Price changes – As explained last week, there will be a small price rise on our boxes and some individual items from 29th October. You can find out more at riverford.co.uk/box-price-rise.

Guy Singh-Watson

6 responses to “Guy’s news: Size; does it matter?

  1. Looking forward to reading about each of the growers over the coming months, their successes and failures. We, as consumers, have become so distanced from the vegetables and animals that we eat in the race to the bottom in terms of price. Low cost has consequences that we are either are unaware of, or seem to ignore.

    Having been a customer of Riverford for a number of years my eyes have been opened by the information put out by Guy and other members of the team. Keep up the good work and educating us along the way

  2. Hello Guy,
    I just read one of your blogs about the carrots in France being taken over by Ravenelle – a horrible wild weed. I looked it up and found that it is edible. it is a member of the cabbage family and can be eaten like kale!
    http://bellessauvagesetplus.blogspot.com/2018/04/la-ravenelle-une-plante-sauvage-et.html
    If you want a translation just let me know!

  3. Tessa Strickland

    ‘Small is beautiful’ is nowhere better exemplified than through the initiative and perseverance of Riverford Organics; thank you all and keep up the fantastic work!

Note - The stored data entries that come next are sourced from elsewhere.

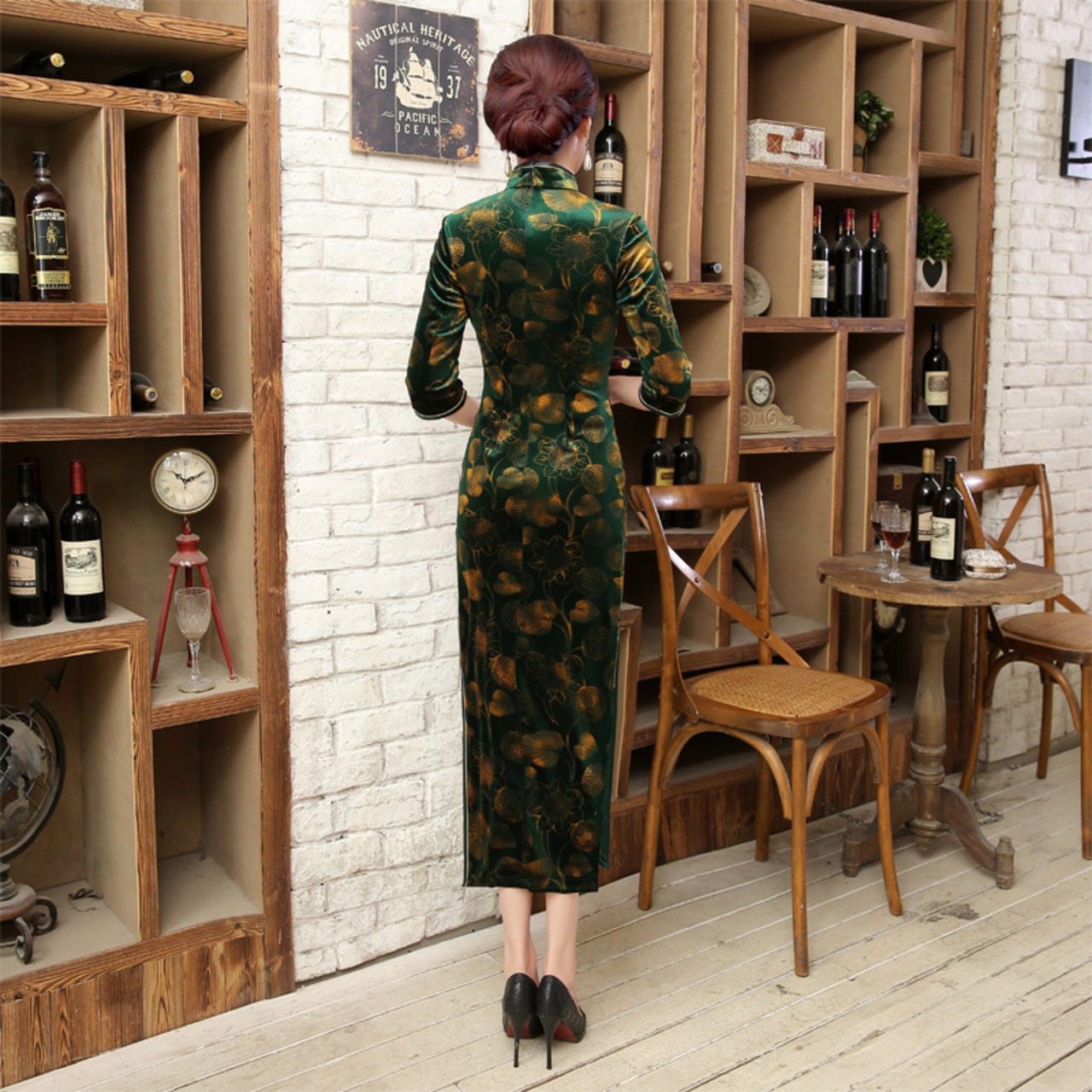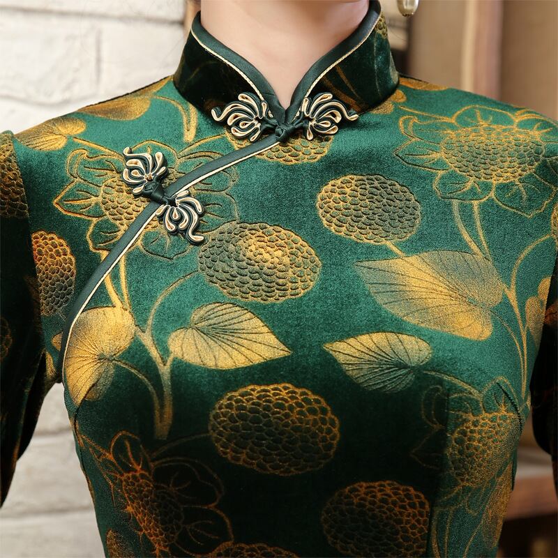 ## 新作!【最新作】ベルベットチャイナドレス 大きいサイズ ロング 秋冬 七分袖 結婚式 ウェディング マザードレス チャイナドレス 刺繍 中高年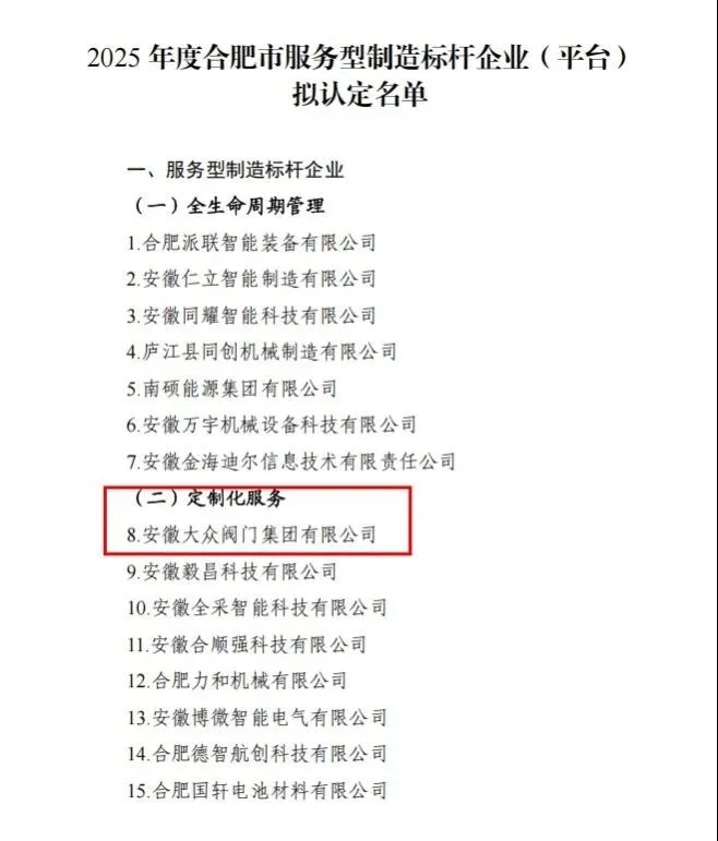 近日,合肥市工業(yè)和信息化局公示2025年度合肥市服務(wù)型制造標(biāo)桿企業(yè)(平臺)擬定名單,安徽大眾閥門集團(tuán)有限公司憑借在“制造+服務(wù)+解決方案”領(lǐng)域的深厚積淀與突出成效成功入選,這一榮譽(yù)標(biāo)志著公司在由傳統(tǒng)制造向服務(wù)型制造轉(zhuǎn)型的道路上取得了重要進(jìn)展。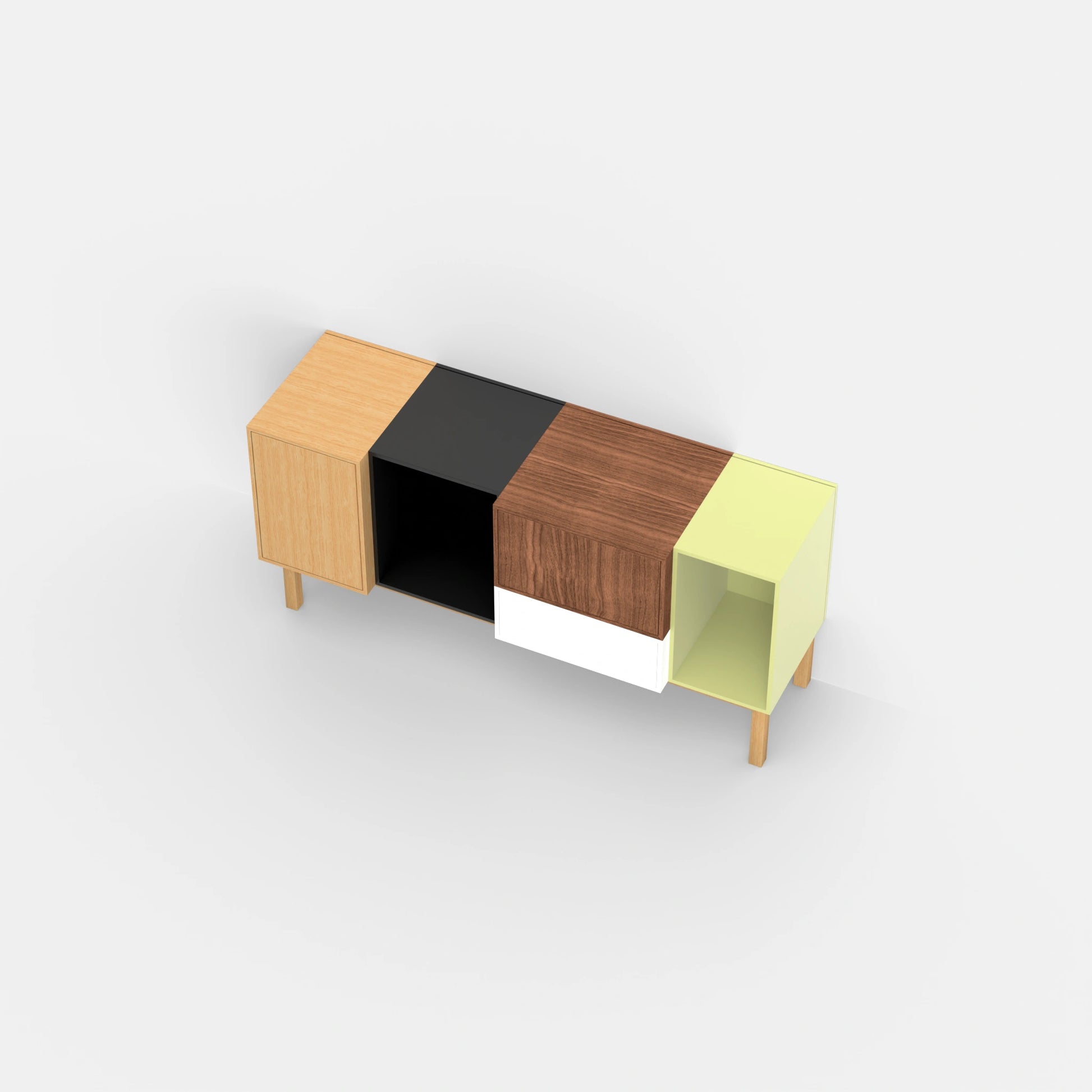 Three modular Cubit shelf boxes, two in light green and one in walnut veneer, arranged freely on the floor, another on a black metal frame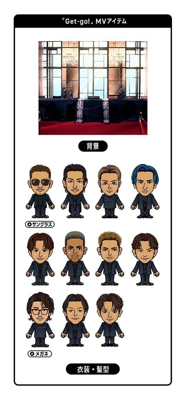 ※「Get-go!」MVアイテムは、EXILEのアバターのみ着用可能です。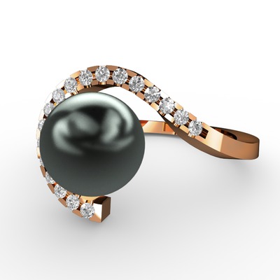 Siyah inci ve beyaz zirkon 18 ayar rose altın yüzük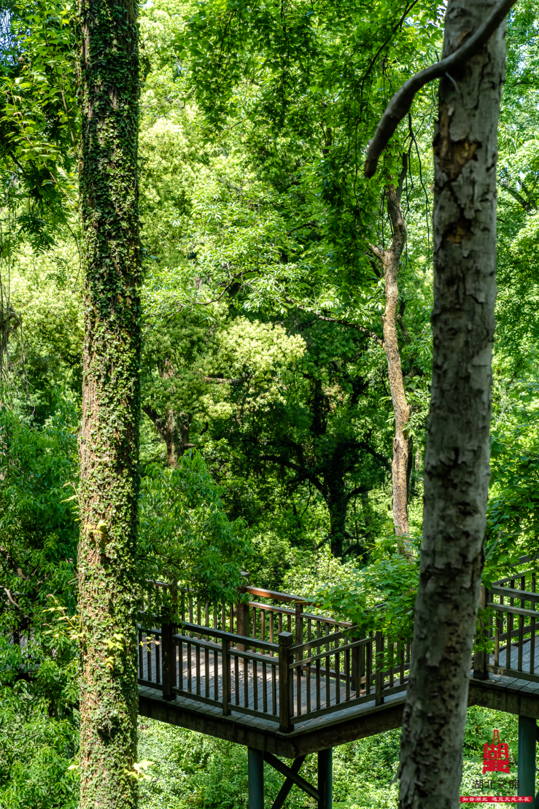 转入千帆亭后山,混凝土世界突然静音。步行约2公里后,一条林中栈道从柏油路幽幽延伸进森林里,这里就是林间探微。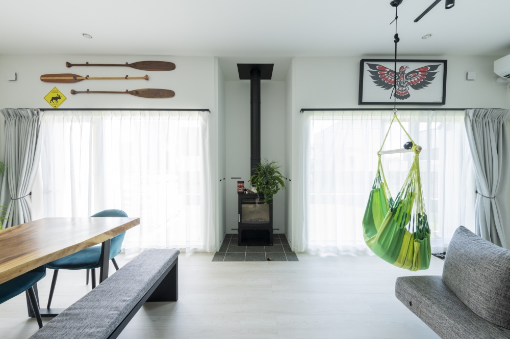 リビングの中心には暖炉があり家族みんなで団らんできます。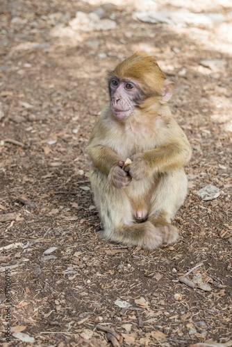 Obraz premium A young small Barbary Macaque monkey or ape, sitting on the ground, eating...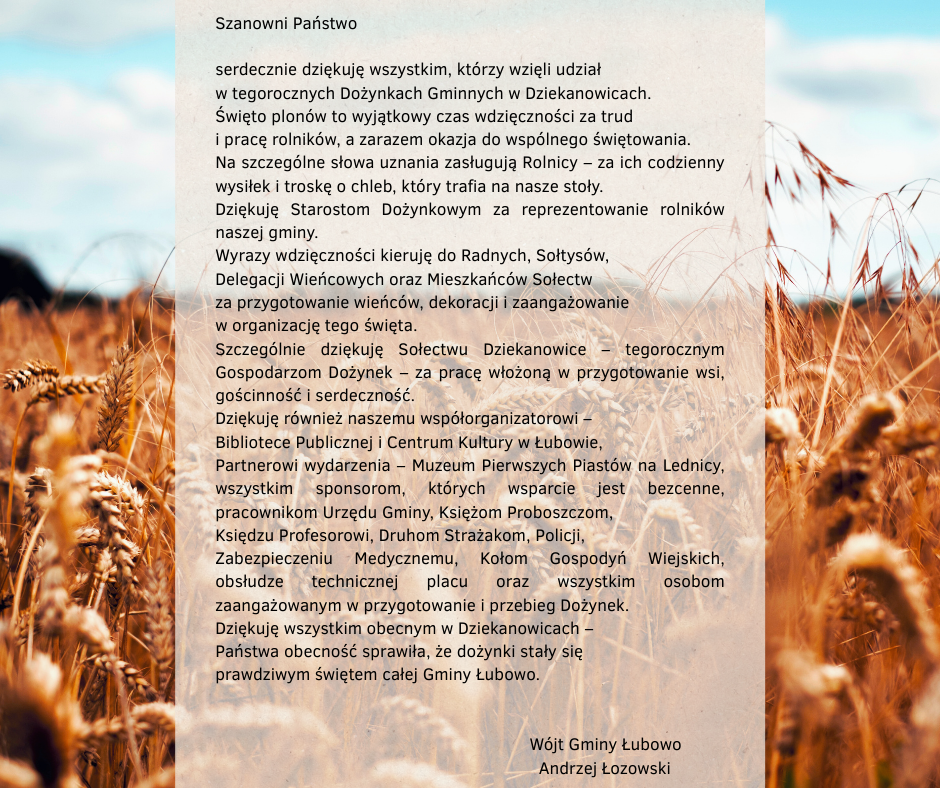 Podziękowania Wójta Gminy Łubowo - Dożynki 2025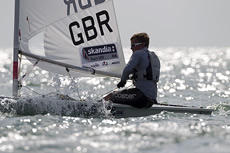 Australia’s double world champion Tom Slingsby, who arrived late Saturday at Hayling Island fresh from winning the Etchells World Championships in Howth, Ireland with America’s Cup legend John Bertrand, showed no sign of rustiness when he won his first heat, but he admitted to trying to break from the pack’s conventional thinking on the first downwind of the second race - his error dropped him four boats to score an eighth.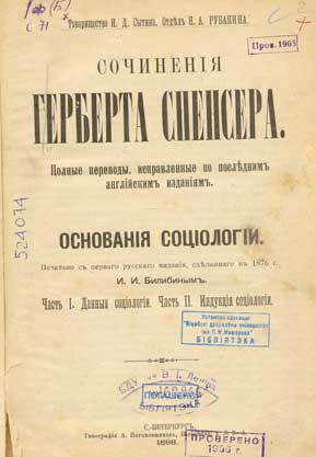 Сочиненія: полные переводы, исправленные по последним англiйским изданiям / печатано с перваго русскаго изданiя, сделаннаго в 1876 г. И. И. Билибиным. - С.-Петербург: Товарищество И. Д. Сытина, Отдел Н. А. Рубакина, 1898 (Типографія А. Пороховщикова). - Изд. конволют без общего тит. л., состоящий из двух отдельно изданных томов. - [Т. 1], ч. 1-2 : Основанiя соцiологiи. - IV, 432 с. ; Т. 2, ч. 3-8 : Основанiя соцiологiи. - IV, 707 с.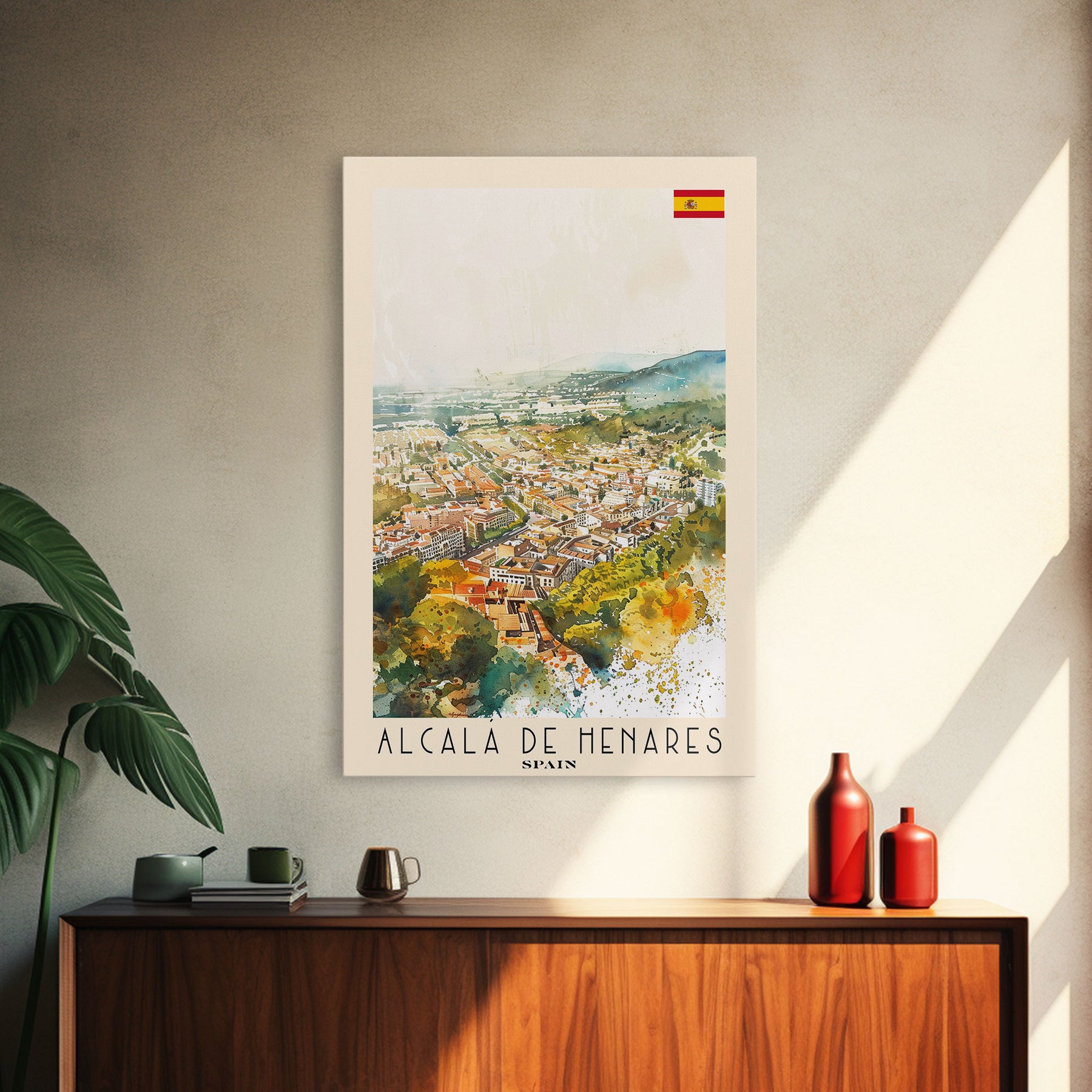Alcalį de Henares Spain Aerial View Travel Poster Art, Framed Canvas Print, Stunning Wall Art for Living Room and Bedroom Decor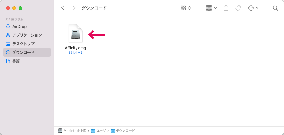 Finderからダウンロードした「Affinity .dmg」ファイルをダブルクリックで開きます。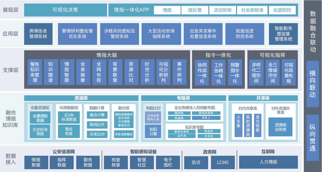 情指一体化综合实战平台按照“情指一 体化1+1>2”的总体思路,依托警务云的各类数据资源,将情报、指挥、勤务、行动 等业务应用进行高度融合,以“ 情 指 大 脑”、“指令一体化”、“警务要素可视化”为核心,支撑处警优化 、社会维稳 、巡逻防控、活动安保、应急处置等业务应用场景。 最终实现公安 “看得见、呼得通、调得动、 能研判、防得住”的警务实战新需求。

  4. The computer is still basically an adding machine. It is easier for large organisations to simplify their operations, instead of using the technology to cover all options. I was recently refused a sandwich because it had not been priced separately on the till. A new parking metre did not have the facility to allow concessionary rates, so pay up or face a fine. Schumacher had it right.
    “Small is beautiful”. Riverford has it right and thank heavens has not fallen prey to using the computer to make things simpler and easier.
    I have become a luddite.

  5. Dear Mr Singh-Watson,

    Please stop worrying about ‘patronising’ people. Shout your message loud and free, and without apology. (Oh gosh that rhymes! As my Dad used to say – “I’m a poet and I don’t know it!”)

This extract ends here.